Michael Lexow owns the Air Force Lodge, which also shares a property line with the junkyard. When the crushing operation began, he said at first there were no problems, until one night he was woken up at 3 a.m. to a very loud noise.
The car-crush operator was using a forklift to flip cars over, punch holes in their gas tanks, and drain gas and oil onto the ground, he said.
“Imagine a big front-end loader, and he was rolling the cars over on their sides, and punching holes in them, then rolling them back again. It was done on purpose. It was very deliberate,” Lexow said.
At first, the operator didn’t see Lexow and continued his work. When Lexow interrupted him, the man got very upset and started yelling, Lexow said.
Lexow also complained to the town and to Environment Yukon and the next month the government issued a spill order forcing the contractor to stop the crushing operation and clean up the spills.
But according to the Ruecks, the only clean-up that was done was pushing a pile of gravel over the contaminated sites.
This spring, the Ruecks said they started to notice the smells and an oily taste in their water. When they again complained, the Ruecks say the government told them to stop drinking the water, but said it was up to the family to have their well tested. If they could prove contamination and prove who was responsible for it, they could consider legal action, they say they were told.

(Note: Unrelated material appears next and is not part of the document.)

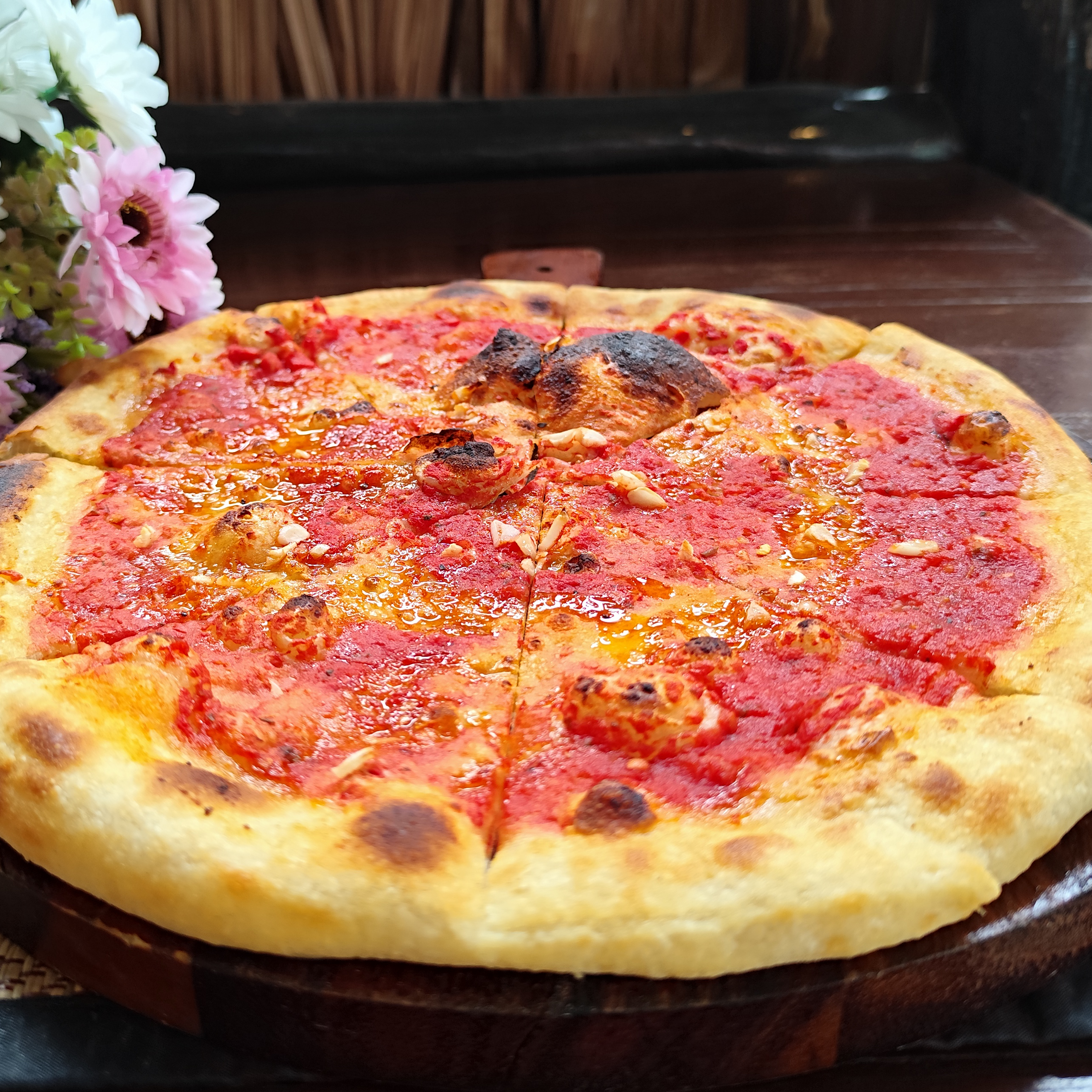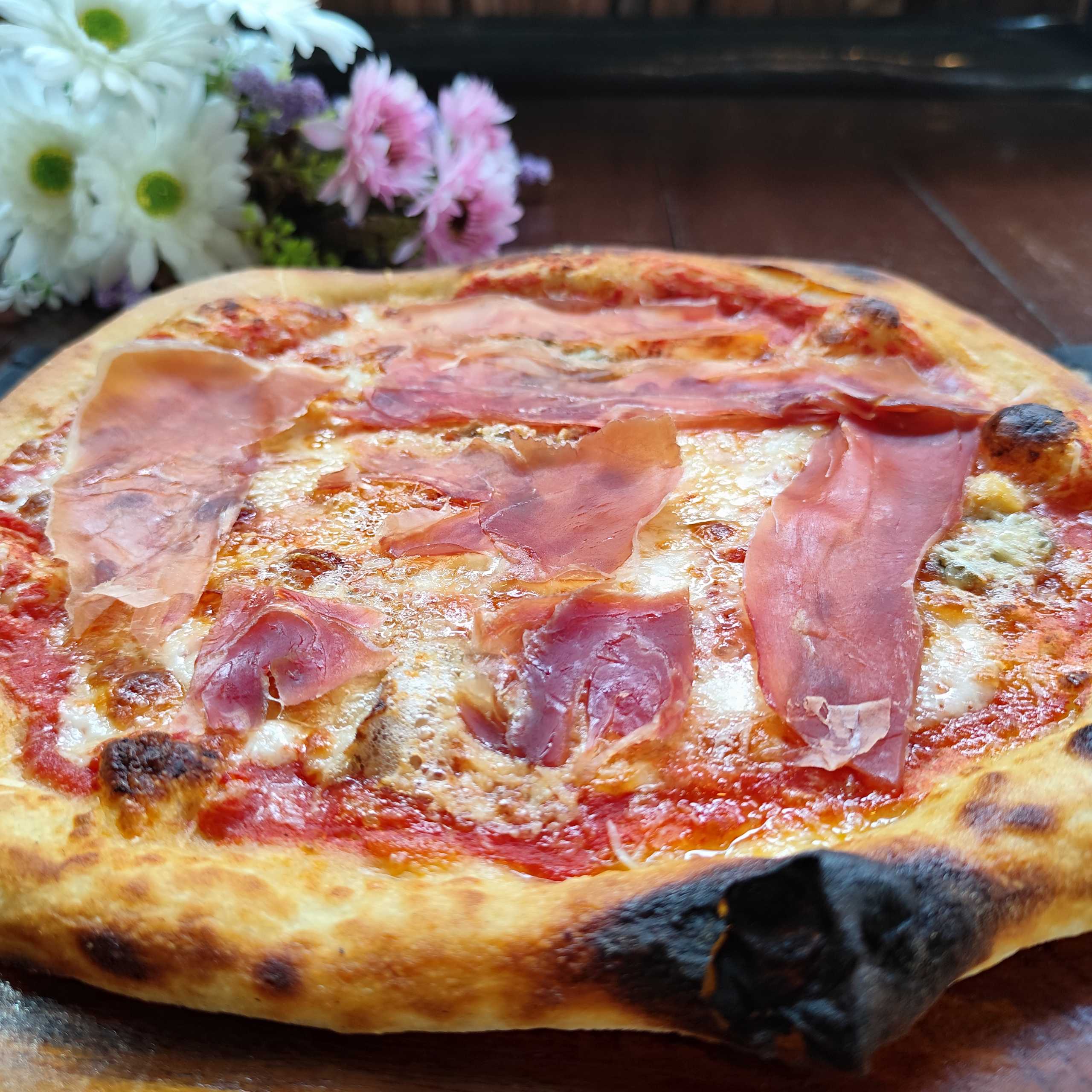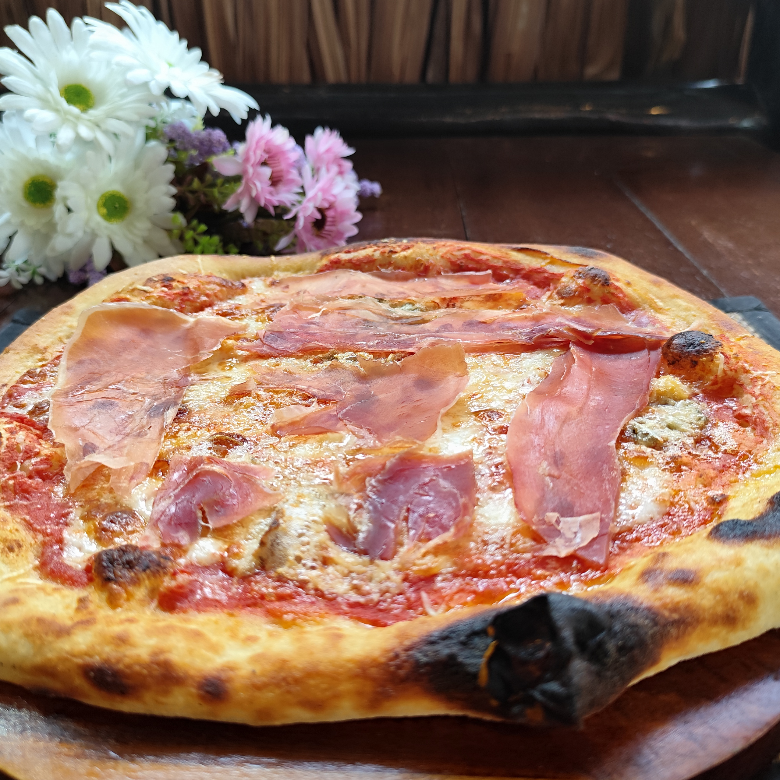 Leavened dough fermented for 48 hours with sourdough starter. Made with top-quality ingredients. Choose between classic pizza or folded calzone. You can add any extras you like. You can choose it with or without tomatoes please specify that clicking extra
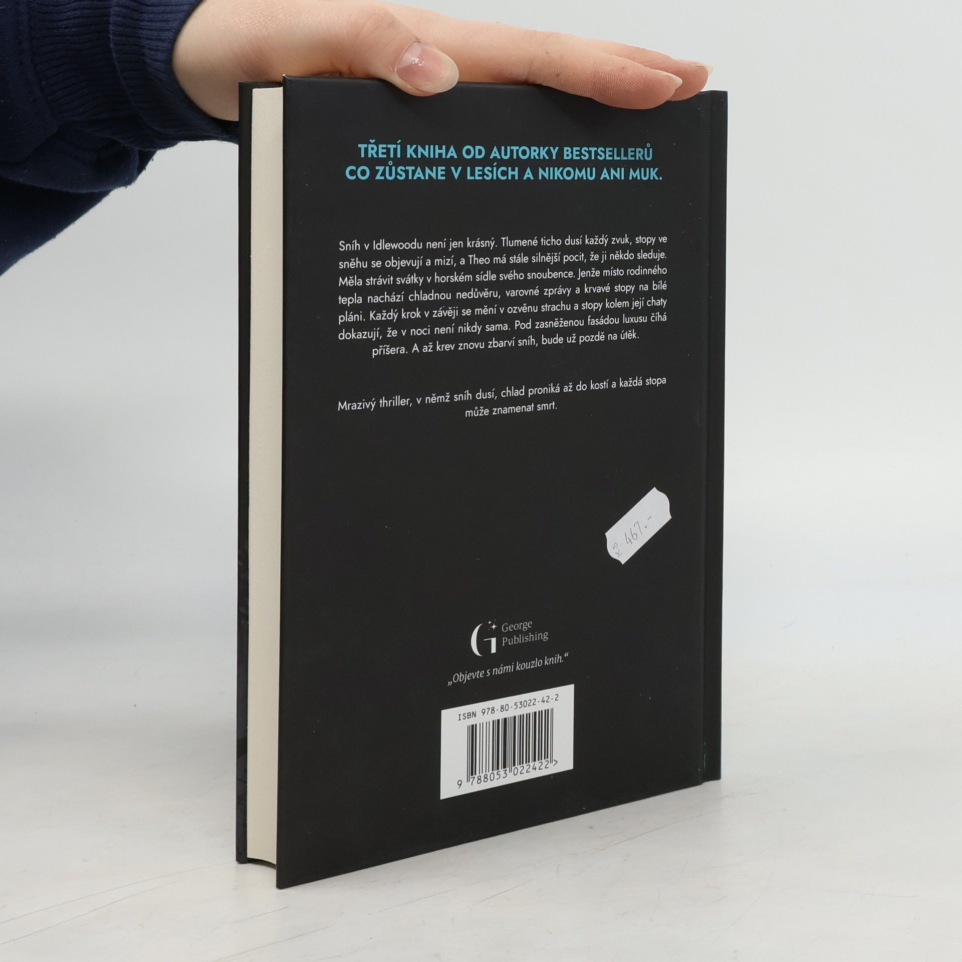 Sníh v Idlewoodu není jen krásný. Tlumené ticho dusí každý zvuk, stopy ve sněhu se objevují a mizí, a Theo má stále silnější pocit, že ji někdo sleduje. Měla strávit svátky v horském sídle svého snoubence. Jenže místo rodinného tepla nachází chladnou nedůvěru, varovné zprávy a krvavé stopy na bílé pláni. Každý krok v závěji se mění v ozvěnu strachu a stopy kolem její chaty dokazují, že v noci není nikdy sama. Pod zasněženou fasádou luxusu číhá příšera. A až krev znovu zbarví sníh, bude už pozdě na útěk. Mrazivý thriller, v němž sníh dusí, chlad proniká až do kostí a každá stopa může znamenat smrt.

Environment Yukon did not respond by deadline to questions about the spill order or the clean-up. Environment spokeswoman Nancy Campbell said that water quality is the Yukon Health Department’s jurisdiction.
When asked about whether the crushing operation should have been allowed in the first place, Campbell said decisions about the “appropriate use” of land fall to the municipality.
But Health Department spokeswoman Marcelle Dube said the department is only responsible for public drinking water sources. They can provide analysis of private wells, but the testing and remediation costs fall to the homeowner.
For it’s part, the Town of Watson Lake disputes that there is any contamination at all.
“I don’t accept the premise that it’s contaminated until it is proven that it is,” said Watson Lake CAO Stephen Conway.
Even so, the town has offered to have another water test done even though it’s not obliged to. When the results come back, the town can decide how to move forward, Conway said.
Conway maintains that the town has been responsive to the Ruecks complaints all along, but that it doesn’t hold responsibility for environmental enforcement. That, he said, is the purview of the territorial government.
“We don’t believe we are liable in any way,” he said. “We are trying to accommodate the Ruecks.”